Originally published as a trial over on Medium…
Another of Josh Cook’s posts that got me thinking was Convertible Notes will be the death of us all. The issues that Josh calls out are definitely ones that I’ve run into, the confusion over how the notes convert and what the hell a cap actually means are the most common issues I’ve run into with convertible notes. I’ve been thinking a lot about this and have been reviewing the new YC SAFE concept as well as the concept of convertible equity to see if there are any better alternatives for investors and founders. Ultimately the goals should be aligned for the investment to be a good one and at times this can be problematic as I mentioned before. Regardless of the investment vehicle, convertible debt, convertible equity, SAFE, warrants, revenue based financing, common stock, etc. the investors and the founders are really boiling down their negotiation down to a few key terms that are embodied in any of the vehicles. The motivation behind the terms on the founder and investor side depend heavily on whether the investor is coming in as just the money or if they are coming in as money and partnership.

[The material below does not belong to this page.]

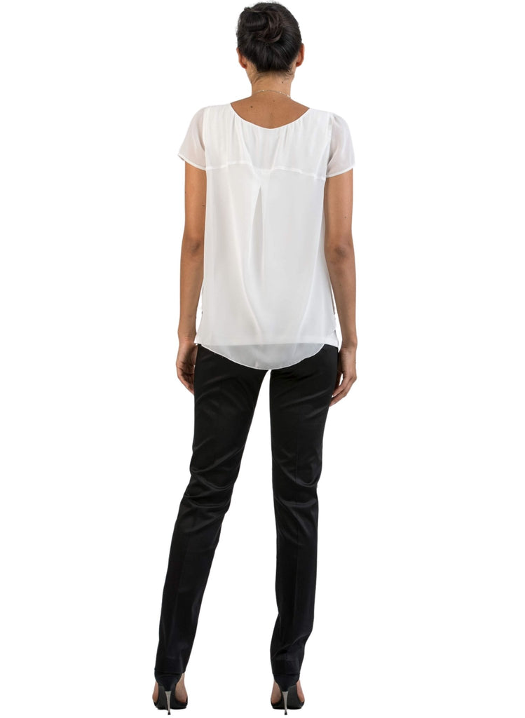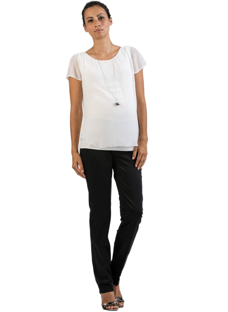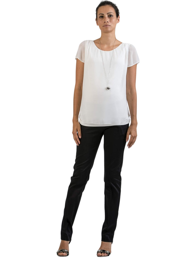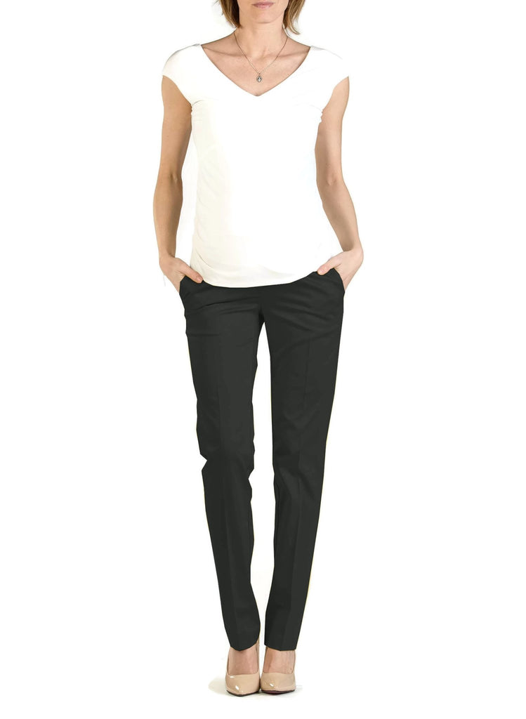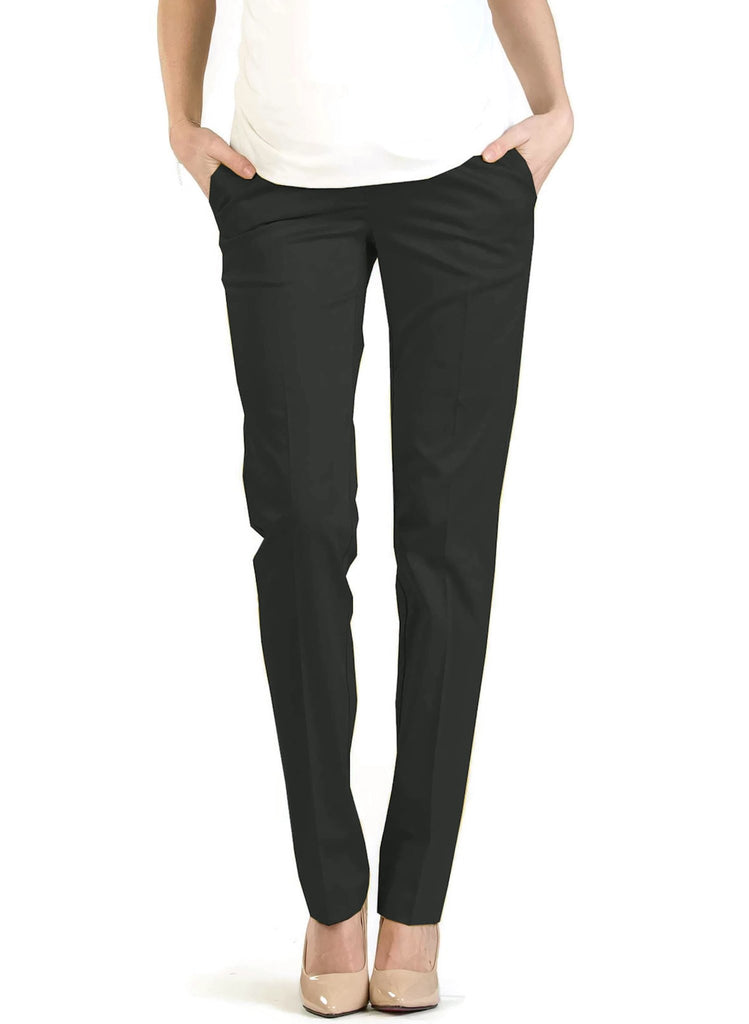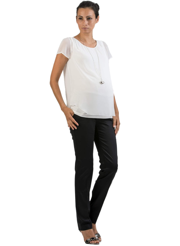 Must-have maternity trousers for office outfit or for any smart occasion. Featuring a straight-leg design, the elegant central crease and the back welt pockets. Made in soft cotton satin, they offer a perfect fit at every stage of pregnancy. The elastic waist donates plenty of room for the entire nine-month period, while the soft cotton jersey band gives the necessary support to the bump. With different accessories, they will result perfect for a night out too.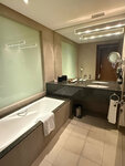A huge hotel with quite decent rooms. In the standard category, the room size is not very large, but the bathroom is spacious. The price is not from the budget. The location of the hotel is convenient. Next to the shopping center with Ikea, Nike discount and a couple of premium brands, currency exchangers. There are various cafes and restaurants nearby. The bus station is also nearby, so you can take a bus from/to the airport. Due to the large number of rooms and guests with elevators, sometimes there is a collapse. You can wait for the elevator downstairs for a long time and also go down from above for breakfast or at the reception. I used the second group of elevators away from the reception more often - to the left to the end. There are no traffic jams and urban traffic. The breakfasts are good in terms of assortment, but again it's crowded. So sometimes you don't want to wait for a personal scrambled egg and take what is offered in ready-made variations. The choice is quite sufficient. The pool on the top floor is good for swimming and just wallowing. But there are very few sun beds and they are almost always occupied due to the huge number of guests in the hotel. The chances of free sun beds increase as breakfast time passes. Almost everyone is in the shade of the roof and sunbathing by the pool in the sun is extremely unlikely. For two or three nights on a work trip, it's fine, but for a longer and more tourist vacation, it's better to choose something closer to the beach line. Which was done for the second part of my stay in Abu Dhabi.

- What percentage of the company is being exchanged
- What is the timeline for the ownership and investments
- What value will the investors add to the company
- What control is being exchanged
- How will this investment be treated in relation to the next investment
- How much capital is being invested in relation to all of the above
There aren’t many more terms than these and thinking through all of the vehicles, there does not appear to truly be one that is inherently more favorable to founders or more favorable to investors. Paul Graham will say the new YC SAFE vehicle is the best (then again he said that about their convertible note). The reason he is saying that though is because of the terms in the SAFE agreement – a convertible note could have similar terms and be just as easy to use. The problem is that the terms inside of these vehicles are difficult to interpret for founders and early stage investors (unless the investor happens to be a lawyer). This is why so much content has flooded the internet trying to explain what the hell a convertible note is, what a cap is, what valuation truly means for a company, and if any of these things actually matter. At the end of the day, the six points above are really all that matter. I suggest you start with those six things and agree in principle on those before you worry about the next step. Some people like to use the same vehicle every time as it reduces the overhead of getting up to speed and drafting something brand new. You should still agree on the six terms ahead of opening your vehicle of choice and filling in the blanks.